▸ EXERCISE
Write out the data below exactly as given, without any of its pictures.

▸ DATA FOR REVIEW
________________
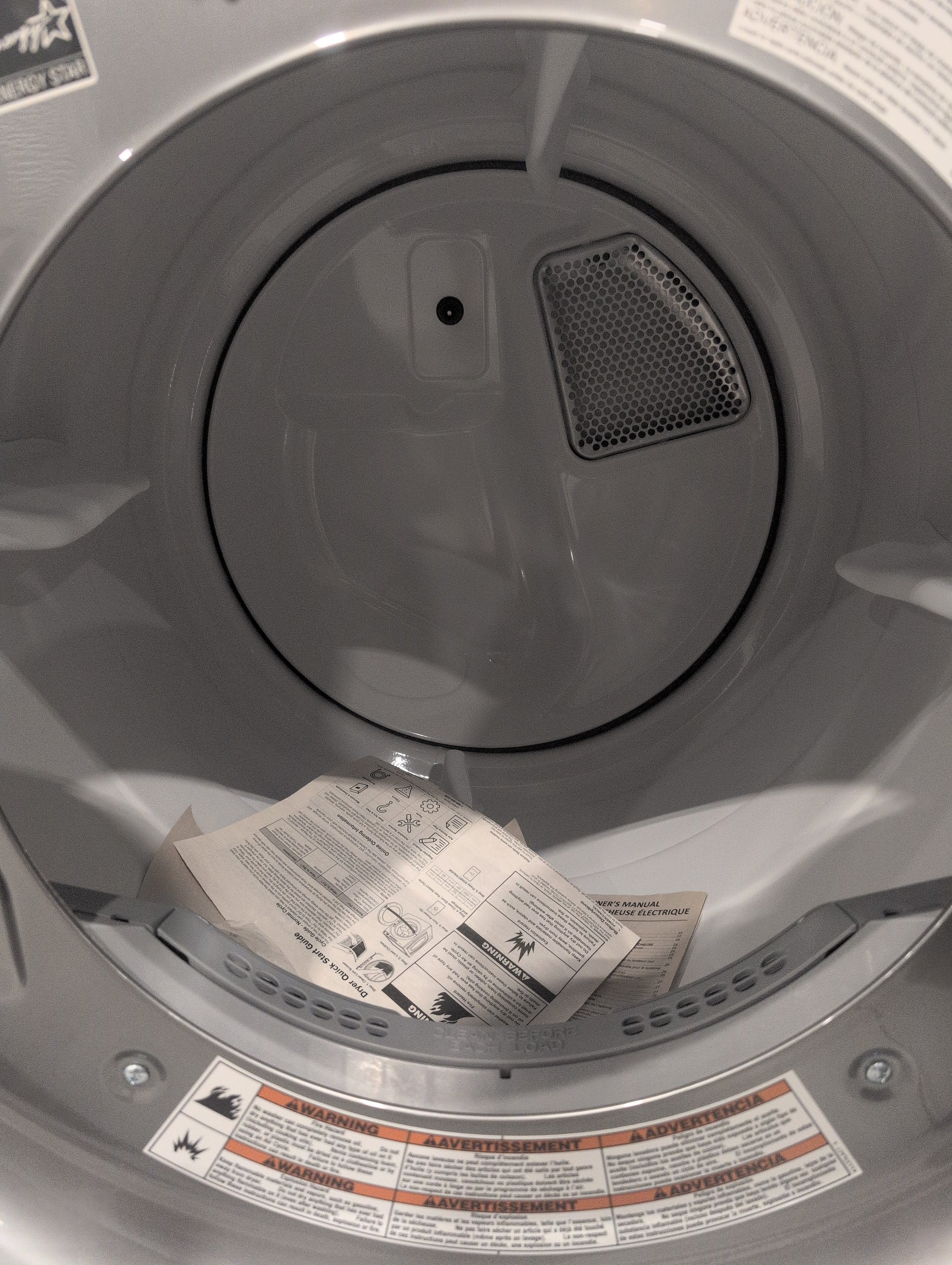 - Four baffles tumble clothes in a randomized pattern, allowing items to open up freely. This helps increase the effectiveness of the dryer for small loads.
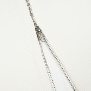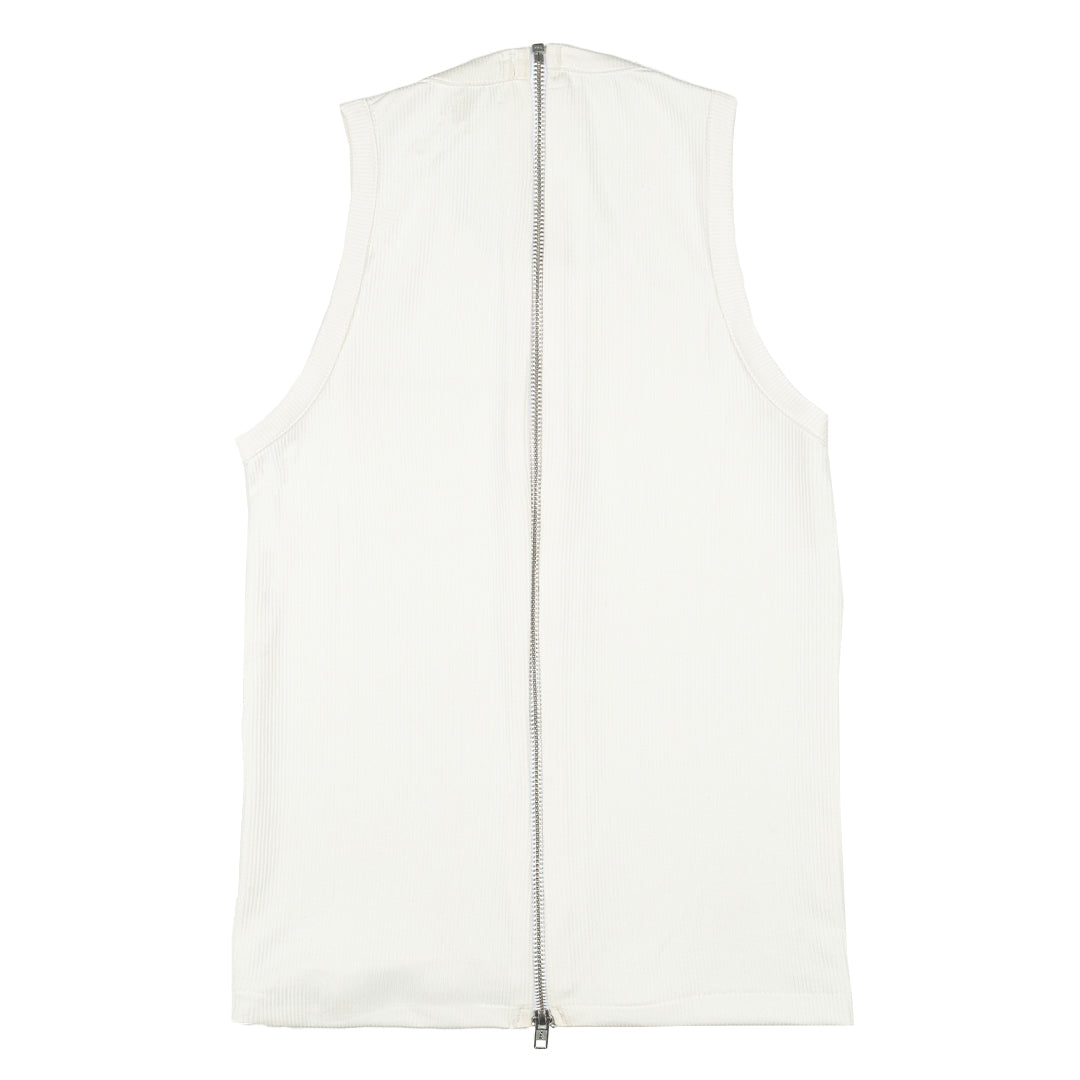 This zipper tank redefines a basic tank top with a bold twist. Made from soft ribbed fabric, it showcases a daring open-back design that fastens with a central zipper.
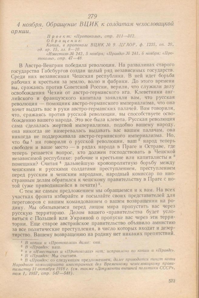 4 ноября. Обращение ВЦИК к солдатам чехословацкой армии // П р о е к т: «Протоколы», стр. 311—312. О б р а щ е н и е: Копия, в протоколе ВЦИК № 9. ЦГАОР, ф. 1235, oп. 20, ед. хр. 15, лл. 8—10. «Известия» № 242, 5 ноября; «Правда» № 241, 6 ноября; «Протоколы», стр. 47—48.
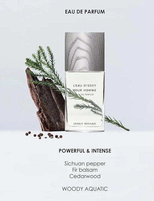 Selling a bottle of Issey Miyake L'Eau d'Issey Pour Homme Eau de Parfum. It's a 4.2 fl oz (125ml) bottle. The scent is described as woody aquatic, with notes of Sichuan pepper, fir balsam, and cedarwood. The bottle comes in its original box
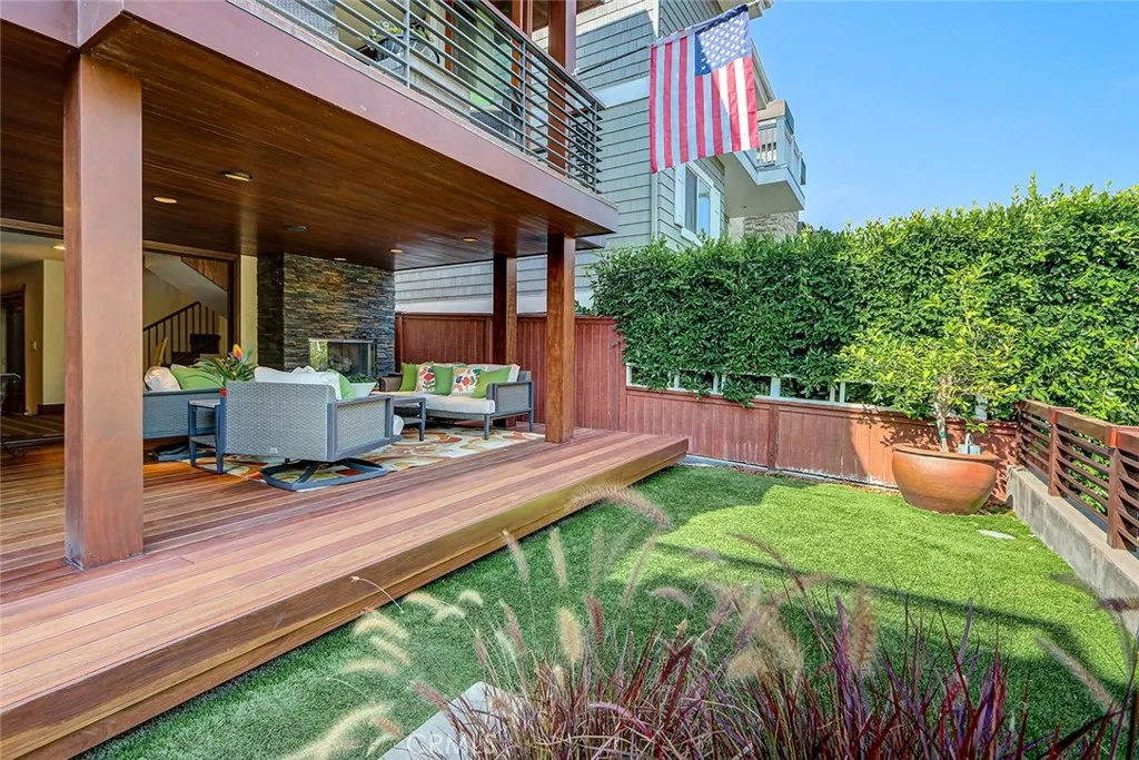 Coastal Living Redefined in the Sand Section! This KAA-designed home is a study in modern coastal elegance, defined by sleek architectural lines and understated, contemporary interiors. Perfectly positioned in the prestigious Sand Section, the home is as much a work of art as it is a sanctuary of effortless sophistication. A large front deck with a fireplace and grassy area set the stage for casual gatherings or quiet moments- a unique feature in this coveted neighborhood. A curated palette of rich natural woods warms the elegant interior, while La Cantina doors on every level dissolve the boundaries between indoor refinement and outdoor serenity, inviting ocean breezes and natural light inside. The entry level opens onto a foyer which leads to a den with a private patio, an ensuite bedroom (perfect for guests), and a separate laundry room. The second level houses a formal living room with stone fireplace and balcony, kitchen (featuring a soaring ceiling open to the third floor), Media room with a beautiful built- in bar and desk area) and a full bath. Upstairs, you'll find the primary suite with a Ocean View balcony, an office (overlooking the second level) and two additional bedrooms and full bath Take a look at the floor plan in photos! More than a residence, this home is a modern expression of Manhattan Beachs lifestyle- where thoughtful design and a profound connection to the coast and nature come together in perfect harmony.
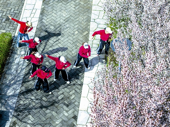 春暖花开、万物复苏,正是踏青赏景好时节,市民们纷纷走出家门,乐享春日时光。图为3月22日,市民在涧河公园树荫下跳舞。 杜杰 摄
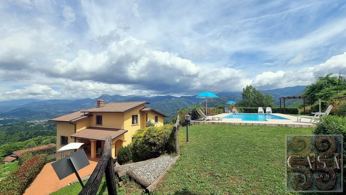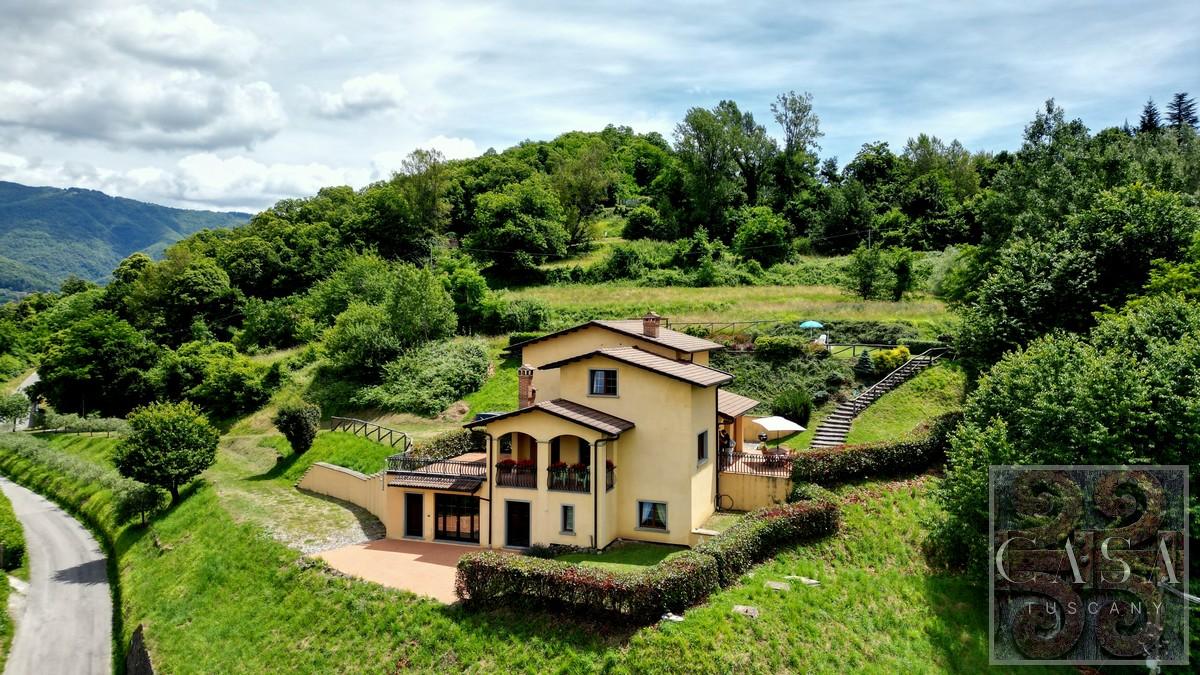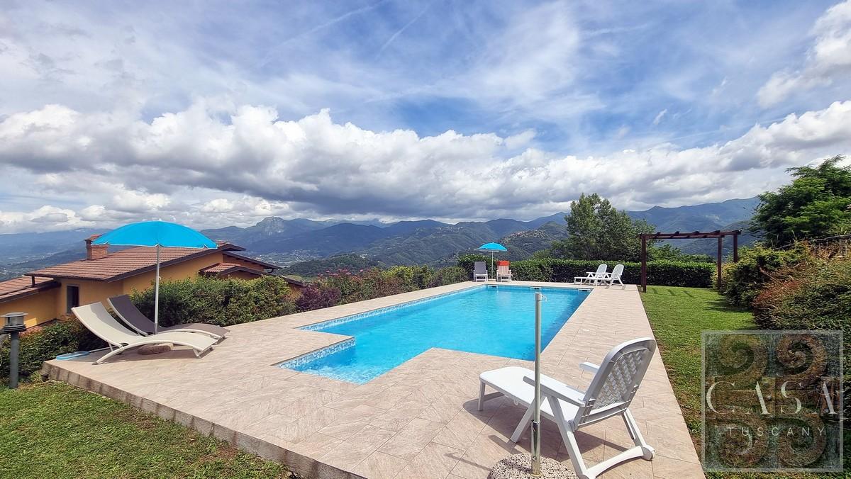 Recently built villa with pool, located in a beautiful panoramic location In the hills 4 km from Castelnuovo di Garfagnana, where the main services are located.The villa has a floor area of 286 sqm and is arranged over two floors plus a basement floor where an apartment with an independent entrance has been created, which is connected to the rest of the house via an internal staircase.
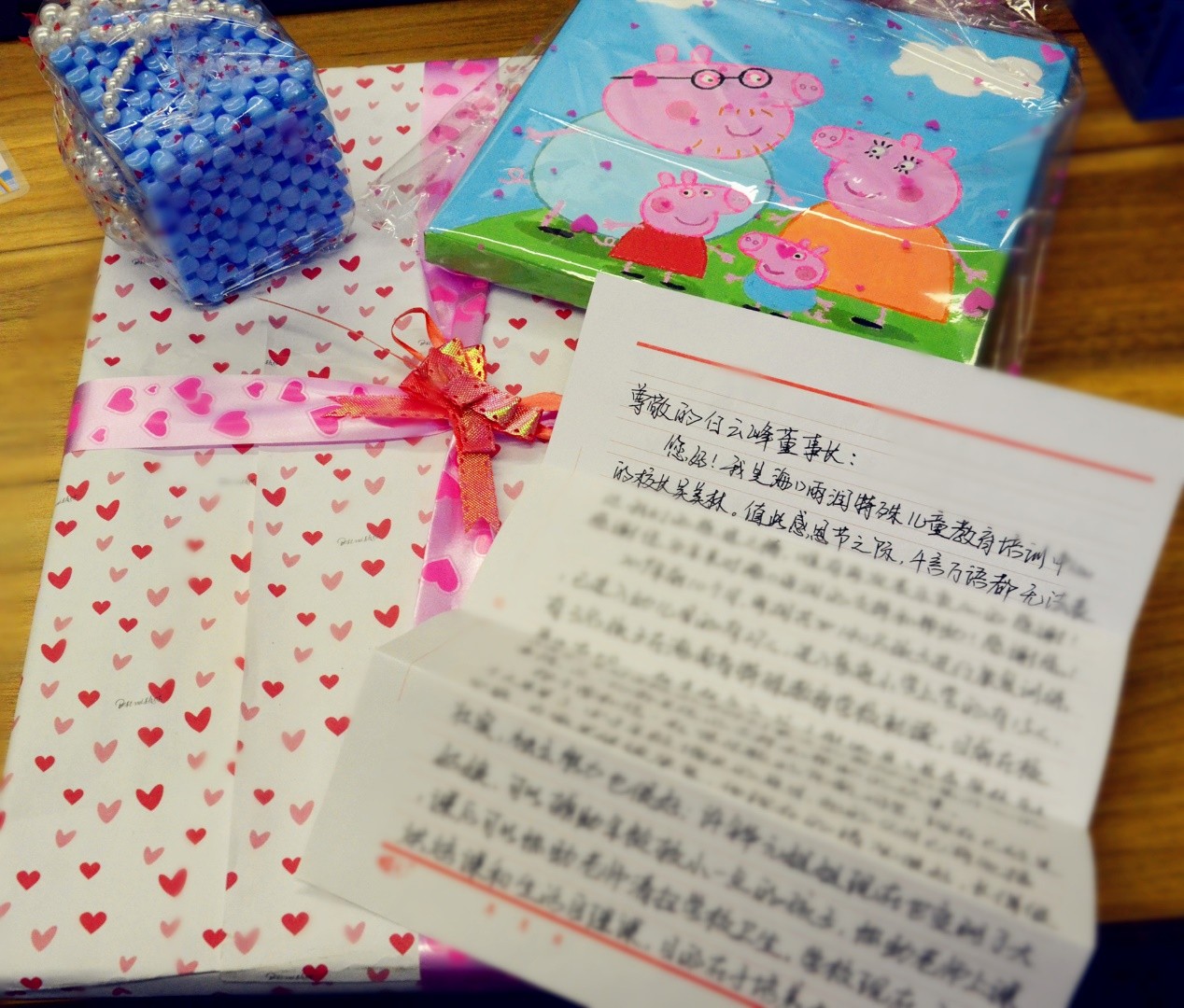 寫信的人是海口雨潤特殊兒童教育培訓中心校長吳美林,禮物則是由學校的自閉癥兒童及智力發(fā)育遲緩兒童親手制作,一同寄過來的還有一沓厚厚的照片,那是學校孩子們接受教育和康復訓練的活動掠影。
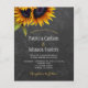 Elegante verão rústico ou na moda de outono barato de casamento outono de modelo de outono no quadro negro de carvão de cinza apresentando um belo buquê de girassóis. ++++++++ Fácil de personalizar com seus detalhes. +++++++++++++++ O convite é adequado para casamentos elegantes de fazendas ou celeiros ao ar livre com rústica. +++++++++ LEIA ISTO ANTES DE COMPRAR! Este é um cartão de casamento de barato orçamentário impresso em uma folha de papel (cada folha tem um cartão). +++ Para obter a melhor qualidade de preço, nosso conselho é escolher o tipo de papel Semi-Gloss (é espesso o suficiente para ser usado para papelaria) +++ Se você precisar de envelopes, escolha a OPÇÃO ENVELOPE. ++ Verifique duas vezes todas as informações e a ortografia do seu texto porque você receberá exatamente o que você vê - ninguém mais verificará nada antes de imprimir. +++ Esta placa foi projetada para o tamanho de 4,5" x 5,6". Caso você escolha outro tamanho do cartão e o texto saia da página, tudo precisa ser corrigido antes de adicionar o produto ao carrinho. Peça ajuda ao Serviço de Design ao Vivo.
________________
▸ SOLUTION TO THE PROBLEM
 - Four baffles tumble clothes in a randomized pattern, allowing items to open up freely. This helps increase the effectiveness of the dryer for small loads.
 This zipper tank redefines a basic tank top with a bold twist. Made from soft ribbed fabric, it showcases a daring open-back design that fastens with a central zipper.
 4 ноября. Обращение ВЦИК к солдатам чехословацкой армии // П р о е к т: «Протоколы», стр. 311—312. О б р а щ е н и е: Копия, в протоколе ВЦИК № 9. ЦГАОР, ф. 1235, oп. 20, ед. хр. 15, лл. 8—10. «Известия» № 242, 5 ноября; «Правда» № 241, 6 ноября; «Протоколы», стр. 47—48.
 Selling a bottle of Issey Miyake L'Eau d'Issey Pour Homme Eau de Parfum. It's a 4.2 fl oz (125ml) bottle. The scent is described as woody aquatic, with notes of Sichuan pepper, fir balsam, and cedarwood. The bottle comes in its original box
 Coastal Living Redefined in the Sand Section! This KAA-designed home is a study in modern coastal elegance, defined by sleek architectural lines and understated, contemporary interiors. Perfectly positioned in the prestigious Sand Section, the home is as much a work of art as it is a sanctuary of effortless sophistication. A large front deck with a fireplace and grassy area set the stage for casual gatherings or quiet moments- a unique feature in this coveted neighborhood. A curated palette of rich natural woods warms the elegant interior, while La Cantina doors on every level dissolve the boundaries between indoor refinement and outdoor serenity, inviting ocean breezes and natural light inside. The entry level opens onto a foyer which leads to a den with a private patio, an ensuite bedroom (perfect for guests), and a separate laundry room. The second level houses a formal living room with stone fireplace and balcony, kitchen (featuring a soaring ceiling open to the third floor), Media room with a beautiful built- in bar and desk area) and a full bath. Upstairs, you'll find the primary suite with a Ocean View balcony, an office (overlooking the second level) and two additional bedrooms and full bath Take a look at the floor plan in photos! More than a residence, this home is a modern expression of Manhattan Beachs lifestyle- where thoughtful design and a profound connection to the coast and nature come together in perfect harmony.
 春暖花开、万物复苏,正是踏青赏景好时节,市民们纷纷走出家门,乐享春日时光。图为3月22日,市民在涧河公园树荫下跳舞。 杜杰 摄
 Recently built villa with pool, located in a beautiful panoramic location In the hills 4 km from Castelnuovo di Garfagnana, where the main services are located.The villa has a floor area of 286 sqm and is arranged over two floors plus a basement floor where an apartment with an independent entrance has been created, which is connected to the rest of the house via an internal staircase.
 寫信的人是海口雨潤特殊兒童教育培訓中心校長吳美林,禮物則是由學校的自閉癥兒童及智力發(fā)育遲緩兒童親手制作,一同寄過來的還有一沓厚厚的照片,那是學校孩子們接受教育和康復訓練的活動掠影。
 Elegante verão rústico ou na moda de outono barato de casamento outono de modelo de outono no quadro negro de carvão de cinza apresentando um belo buquê de girassóis. ++++++++ Fácil de personalizar com seus detalhes. +++++++++++++++ O convite é adequado para casamentos elegantes de fazendas ou celeiros ao ar livre com rústica. +++++++++ LEIA ISTO ANTES DE COMPRAR! Este é um cartão de casamento de barato orçamentário impresso em uma folha de papel (cada folha tem um cartão). +++ Para obter a melhor qualidade de preço, nosso conselho é escolher o tipo de papel Semi-Gloss (é espesso o suficiente para ser usado para papelaria) +++ Se você precisar de envelopes, escolha a OPÇÃO ENVELOPE. ++ Verifique duas vezes todas as informações e a ortografia do seu texto porque você receberá exatamente o que você vê - ninguém mais verificará nada antes de imprimir. +++ Esta placa foi projetada para o tamanho de 4,5" x 5,6". Caso você escolha outro tamanho do cartão e o texto saia da página, tudo precisa ser corrigido antes de adicionar o produto ao carrinho. Peça ajuda ao Serviço de Design ao Vivo.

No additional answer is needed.